The Biden administration’s latest move to tighten semiconductor export controls on China is being hailed in Washington as a masterstroke to maintain American supremacy in artificial intelligence chip technology. The prevailing narrative suggests that by cutting off China’s access to advanced AI chips and manufacturing equipment, the U.S. can decisively stymie Beijing’s AI development ambitions. This view, however, is dangerously simplistic and ignores the harsh realities of global technology diffusion and China’s accelerating indigenous capabilities.

The Limits of Export Controls in a Globalized Tech Ecosystem

Data from the Semiconductor Industry Association shows that despite prior U.S. restrictions, China’s semiconductor self-sufficiency ratio rose from 16% in 2019 to an estimated 25% in 2023.1 The expanded controls are designed to throttle access to cutting-edge lithography machines and AI chip designs. Yet, China has been aggressively investing in alternative supply chains, domestic fabrication capacity, and talent acquisition. The emergence of firms like SMIC and the ramping up of quantum dot and photonics research illustrate Beijing’s multi-pronged approach to circumvent U.S. chokeholds.

Moreover, the semiconductor supply chain is highly fragmented and globalized.

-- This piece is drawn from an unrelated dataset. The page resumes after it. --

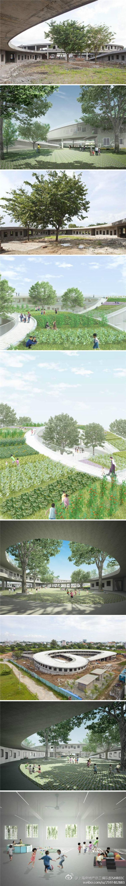 @上海房地產(chǎn)總工俱樂(lè)部SHREEC:農(nóng)場(chǎng)幼兒園。這所幼兒園可以為500名學(xué)齡前兒童提供具有熱帶地區(qū)特色的教育方式。這一農(nóng)場(chǎng)幼兒園目前還在建設(shè)當(dāng)中,有望在今年9月底完工。農(nóng)場(chǎng)幼兒園旨在創(chuàng)建可持續(xù)性學(xué)>設(shè)計(jì)方案,為孩子提供學(xué)習(xí)種植所需食物的機(jī)會(huì)。幼兒園屋頂具有連貫的表面,回環(huán)的結(jié)構(gòu)勾勒出三個(gè)操場(chǎng)的輪廓。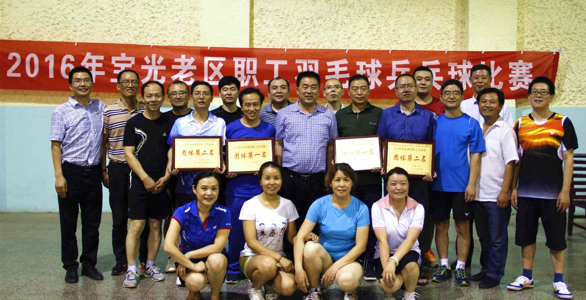 比賽活動得到老區(qū)各單位的大力支持,職工參與熱情高漲,比賽在工會副主席姜萬宏宣布比賽規(guī)則后拉開帷幕。賽場上氣氛緊張而熱烈,各參賽隊隊員精神飽滿、戰(zhàn)術(shù)靈活,渾汗如雨,比賽場面精彩不斷……經(jīng)過近4個小時的激烈角逐,氣體公司分別獲得羽毛球和乒乓球團(tuán)體賽第一名,動力部獲得羽毛球團(tuán)體賽第二名,電子玻璃廠獲得乒乓球團(tuán)體賽第二名,其他參賽隊獲得優(yōu)秀獎。賽后,參賽隊員進(jìn)行了合影留念。

Key inputs—such as rare earths, chip substrates, and design software—come from countries that the U.S. cannot fully control. Taiwan’s TSMC, South Korea’s Samsung, and the Netherlands’ ASML remain critical players whose cooperation is not guaranteed under tighter U.S. export regimes. This fragmentation dilutes Washington’s leverage and creates loopholes for Beijing to exploit.

Strategic Blowback: Accelerating China’s Tech Independence

Heavy-handed export controls risk pushing China from cautious dependency to full-scale technological autarky faster than many in Washington anticipate. Beijing has framed these restrictions as existential threats, justifying massive state subsidies and policy shifts to develop “homegrown” chip ecosystems. The 14th Five-Year Plan explicitly prioritizes semiconductor self-reliance, allocating billions to R&D and domestic fabs.2 Historical precedents like Japan’s semiconductor embargo in the 1980s show that embargoes often accelerate the targeted country’s innovation and production capabilities rather than suppress them.

This dynamic is critical because it implies the U.S. might be accelerating its own strategic decline in semiconductor dominance by provoking an unyielding Chinese national push. The question is whether America’s tech leadership can withstand a protracted battle of attrition when China marshals its vast capital, state support, and industrial policy muscle.

Geopolitical Ripples: Tech Decoupling and Global Realignment

Strategically, expanded export controls deepen the bifurcation of the global tech ecosystem into U.S-led and China-led spheres. This bifurcation threatens to fracture international standards, supply chains, and innovation networks. Allies and partners may be caught in the crossfire, forced to pick sides or develop parallel capabilities, increasing costs and complexity.

At the same time, China’s push for semiconductor self-reliance could enable Beijing to weaponize chip supplies in future conflicts or diplomatic disputes. The U.S.’s attempt to “starve” China of AI chips may ironically empower China to deploy its own indigenous chips in military, surveillance, and AI applications without relying on vulnerable foreign suppliers.

Conclusion

The Biden administration’s expanded export controls on AI semiconductor technology are a blunt instrument with limited efficacy. While they may slow China’s AI chip imports in the short term, they risk accelerating China’s strategic leap toward semiconductor self-sufficiency and deepening global tech bifurcation. The hard truth is that America’s tech war with China will not be won through export restrictions alone but demands a more nuanced, multi-dimensional strategy that addresses innovation, supply chain resilience, and global alliances.

References

Footnotes

  1. Semiconductor Industry Association, “China’s Semiconductor Self-Sufficiency Trends,” 2023 Report.

  2. China State Council, “14th Five-Year Plan for National Science and Technology Innovation,” 2021.